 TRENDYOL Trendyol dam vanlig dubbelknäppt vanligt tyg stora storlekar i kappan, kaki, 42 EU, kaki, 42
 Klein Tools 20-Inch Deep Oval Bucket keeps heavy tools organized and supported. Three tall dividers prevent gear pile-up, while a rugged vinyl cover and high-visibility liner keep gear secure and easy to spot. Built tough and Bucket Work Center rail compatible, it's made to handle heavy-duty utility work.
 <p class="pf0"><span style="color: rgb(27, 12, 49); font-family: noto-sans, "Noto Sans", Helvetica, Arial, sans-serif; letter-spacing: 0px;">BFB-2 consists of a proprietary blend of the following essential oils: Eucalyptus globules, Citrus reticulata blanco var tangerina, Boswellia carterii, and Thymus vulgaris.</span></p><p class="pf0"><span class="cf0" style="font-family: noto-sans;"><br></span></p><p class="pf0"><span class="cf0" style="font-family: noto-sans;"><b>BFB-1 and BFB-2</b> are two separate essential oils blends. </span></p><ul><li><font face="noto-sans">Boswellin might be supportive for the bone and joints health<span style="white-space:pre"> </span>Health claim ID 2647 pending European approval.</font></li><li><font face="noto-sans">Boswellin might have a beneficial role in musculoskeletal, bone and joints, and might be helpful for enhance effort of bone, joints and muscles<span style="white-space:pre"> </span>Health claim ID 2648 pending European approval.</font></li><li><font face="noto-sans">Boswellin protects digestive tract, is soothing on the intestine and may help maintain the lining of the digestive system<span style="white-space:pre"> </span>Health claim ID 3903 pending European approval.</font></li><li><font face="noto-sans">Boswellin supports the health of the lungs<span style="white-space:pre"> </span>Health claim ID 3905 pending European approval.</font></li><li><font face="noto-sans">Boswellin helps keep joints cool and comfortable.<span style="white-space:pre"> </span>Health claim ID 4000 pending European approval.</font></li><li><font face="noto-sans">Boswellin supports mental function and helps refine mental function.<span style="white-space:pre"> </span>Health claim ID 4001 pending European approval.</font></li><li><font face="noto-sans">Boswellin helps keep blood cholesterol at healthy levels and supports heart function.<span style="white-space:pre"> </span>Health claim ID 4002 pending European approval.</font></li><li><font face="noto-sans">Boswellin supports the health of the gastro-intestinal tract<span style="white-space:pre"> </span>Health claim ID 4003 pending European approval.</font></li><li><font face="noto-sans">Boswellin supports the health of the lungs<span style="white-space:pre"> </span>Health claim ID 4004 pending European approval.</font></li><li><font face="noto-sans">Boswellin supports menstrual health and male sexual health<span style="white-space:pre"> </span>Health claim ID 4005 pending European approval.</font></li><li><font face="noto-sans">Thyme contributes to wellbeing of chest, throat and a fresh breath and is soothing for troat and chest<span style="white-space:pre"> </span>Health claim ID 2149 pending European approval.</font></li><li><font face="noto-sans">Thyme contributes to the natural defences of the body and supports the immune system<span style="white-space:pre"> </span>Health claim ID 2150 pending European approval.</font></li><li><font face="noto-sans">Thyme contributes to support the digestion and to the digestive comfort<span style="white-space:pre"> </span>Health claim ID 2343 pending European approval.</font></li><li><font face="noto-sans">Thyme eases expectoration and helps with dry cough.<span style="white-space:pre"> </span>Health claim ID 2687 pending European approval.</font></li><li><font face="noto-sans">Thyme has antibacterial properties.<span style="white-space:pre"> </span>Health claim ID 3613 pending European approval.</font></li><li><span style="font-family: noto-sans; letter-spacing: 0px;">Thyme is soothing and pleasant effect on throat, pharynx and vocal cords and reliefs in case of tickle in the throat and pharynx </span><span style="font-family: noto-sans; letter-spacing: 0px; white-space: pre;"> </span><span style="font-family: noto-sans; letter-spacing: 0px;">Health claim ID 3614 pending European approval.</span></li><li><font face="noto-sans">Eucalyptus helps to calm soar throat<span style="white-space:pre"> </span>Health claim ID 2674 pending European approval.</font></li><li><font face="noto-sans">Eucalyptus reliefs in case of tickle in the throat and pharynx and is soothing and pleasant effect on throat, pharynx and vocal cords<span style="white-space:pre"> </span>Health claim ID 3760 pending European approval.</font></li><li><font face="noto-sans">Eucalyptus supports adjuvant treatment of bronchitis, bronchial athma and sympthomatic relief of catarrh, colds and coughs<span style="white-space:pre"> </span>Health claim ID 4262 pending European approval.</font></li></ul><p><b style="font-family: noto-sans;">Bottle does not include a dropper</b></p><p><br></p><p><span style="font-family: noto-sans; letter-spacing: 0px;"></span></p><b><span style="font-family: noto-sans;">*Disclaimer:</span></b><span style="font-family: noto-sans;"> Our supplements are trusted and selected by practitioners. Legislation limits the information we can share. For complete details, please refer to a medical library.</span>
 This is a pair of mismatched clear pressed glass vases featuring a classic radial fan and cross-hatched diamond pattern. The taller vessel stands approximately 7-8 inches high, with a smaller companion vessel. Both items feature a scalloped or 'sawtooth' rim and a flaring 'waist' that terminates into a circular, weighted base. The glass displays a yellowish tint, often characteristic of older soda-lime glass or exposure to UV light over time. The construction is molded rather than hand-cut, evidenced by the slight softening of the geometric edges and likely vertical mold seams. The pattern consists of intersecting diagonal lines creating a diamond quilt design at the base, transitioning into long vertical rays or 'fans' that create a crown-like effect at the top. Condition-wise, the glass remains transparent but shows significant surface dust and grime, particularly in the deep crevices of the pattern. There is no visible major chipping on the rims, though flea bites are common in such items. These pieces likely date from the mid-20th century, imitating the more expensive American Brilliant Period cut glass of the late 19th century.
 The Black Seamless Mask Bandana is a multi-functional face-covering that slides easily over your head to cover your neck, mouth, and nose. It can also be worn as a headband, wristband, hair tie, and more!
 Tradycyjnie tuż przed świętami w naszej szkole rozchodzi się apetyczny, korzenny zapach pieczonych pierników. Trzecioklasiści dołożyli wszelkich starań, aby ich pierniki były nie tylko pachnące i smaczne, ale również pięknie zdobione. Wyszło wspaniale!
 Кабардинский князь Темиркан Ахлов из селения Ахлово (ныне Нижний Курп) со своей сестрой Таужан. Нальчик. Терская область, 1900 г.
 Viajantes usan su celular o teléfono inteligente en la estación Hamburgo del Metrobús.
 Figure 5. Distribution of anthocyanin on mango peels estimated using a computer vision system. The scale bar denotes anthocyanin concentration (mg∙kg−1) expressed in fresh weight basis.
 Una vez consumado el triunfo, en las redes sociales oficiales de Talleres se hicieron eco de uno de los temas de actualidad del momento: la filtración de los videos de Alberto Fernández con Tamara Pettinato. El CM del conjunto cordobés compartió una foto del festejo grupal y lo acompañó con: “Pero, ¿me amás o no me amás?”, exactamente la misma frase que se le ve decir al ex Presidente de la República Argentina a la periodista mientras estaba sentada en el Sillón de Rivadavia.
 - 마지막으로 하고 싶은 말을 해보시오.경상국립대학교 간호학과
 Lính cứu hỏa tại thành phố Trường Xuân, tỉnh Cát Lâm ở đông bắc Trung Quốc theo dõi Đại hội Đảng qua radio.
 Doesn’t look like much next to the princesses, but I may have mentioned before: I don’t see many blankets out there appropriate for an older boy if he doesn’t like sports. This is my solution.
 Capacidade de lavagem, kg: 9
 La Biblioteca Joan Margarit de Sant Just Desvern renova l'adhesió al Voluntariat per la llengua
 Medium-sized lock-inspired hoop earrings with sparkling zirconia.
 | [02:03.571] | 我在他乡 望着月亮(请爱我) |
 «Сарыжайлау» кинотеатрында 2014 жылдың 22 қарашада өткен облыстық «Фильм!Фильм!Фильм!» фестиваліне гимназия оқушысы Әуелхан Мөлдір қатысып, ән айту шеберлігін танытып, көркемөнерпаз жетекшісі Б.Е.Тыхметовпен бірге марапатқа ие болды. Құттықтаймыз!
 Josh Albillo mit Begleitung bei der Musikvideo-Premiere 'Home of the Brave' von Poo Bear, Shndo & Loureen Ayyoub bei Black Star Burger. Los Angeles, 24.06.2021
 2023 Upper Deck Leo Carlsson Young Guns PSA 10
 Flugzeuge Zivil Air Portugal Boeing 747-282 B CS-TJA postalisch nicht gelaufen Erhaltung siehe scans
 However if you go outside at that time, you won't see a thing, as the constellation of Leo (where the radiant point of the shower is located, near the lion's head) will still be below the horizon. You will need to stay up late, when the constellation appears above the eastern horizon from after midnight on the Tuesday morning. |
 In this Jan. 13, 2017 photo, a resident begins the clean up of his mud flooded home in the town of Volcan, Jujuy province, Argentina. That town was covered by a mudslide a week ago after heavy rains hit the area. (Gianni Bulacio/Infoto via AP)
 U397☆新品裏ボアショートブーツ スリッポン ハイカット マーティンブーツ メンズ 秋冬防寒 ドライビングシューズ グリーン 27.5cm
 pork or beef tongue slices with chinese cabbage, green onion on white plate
====================
§ TASK OBJECTIVE
Write out exactly the lines that fall from the line with "ие болды. Құттықтаймыз!" to the line with "In this Jan." in the records above, keeping both ends.

§ ANSWER
 «Сарыжайлау» кинотеатрында 2014 жылдың 22 қарашада өткен облыстық «Фильм!Фильм!Фильм!» фестиваліне гимназия оқушысы Әуелхан Мөлдір қатысып, ән айту шеберлігін танытып, көркемөнерпаз жетекшісі Б.Е.Тыхметовпен бірге марапатқа ие болды. Құттықтаймыз!
 Josh Albillo mit Begleitung bei der Musikvideo-Premiere 'Home of the Brave' von Poo Bear, Shndo & Loureen Ayyoub bei Black Star Burger. Los Angeles, 24.06.2021
 2023 Upper Deck Leo Carlsson Young Guns PSA 10
 Flugzeuge Zivil Air Portugal Boeing 747-282 B CS-TJA postalisch nicht gelaufen Erhaltung siehe scans
 However if you go outside at that time, you won't see a thing, as the constellation of Leo (where the radiant point of the shower is located, near the lion's head) will still be below the horizon. You will need to stay up late, when the constellation appears above the eastern horizon from after midnight on the Tuesday morning. |
 In this Jan. 13, 2017 photo, a resident begins the clean up of his mud flooded home in the town of Volcan, Jujuy province, Argentina. That town was covered by a mudslide a week ago after heavy rains hit the area. (Gianni Bulacio/Infoto via AP)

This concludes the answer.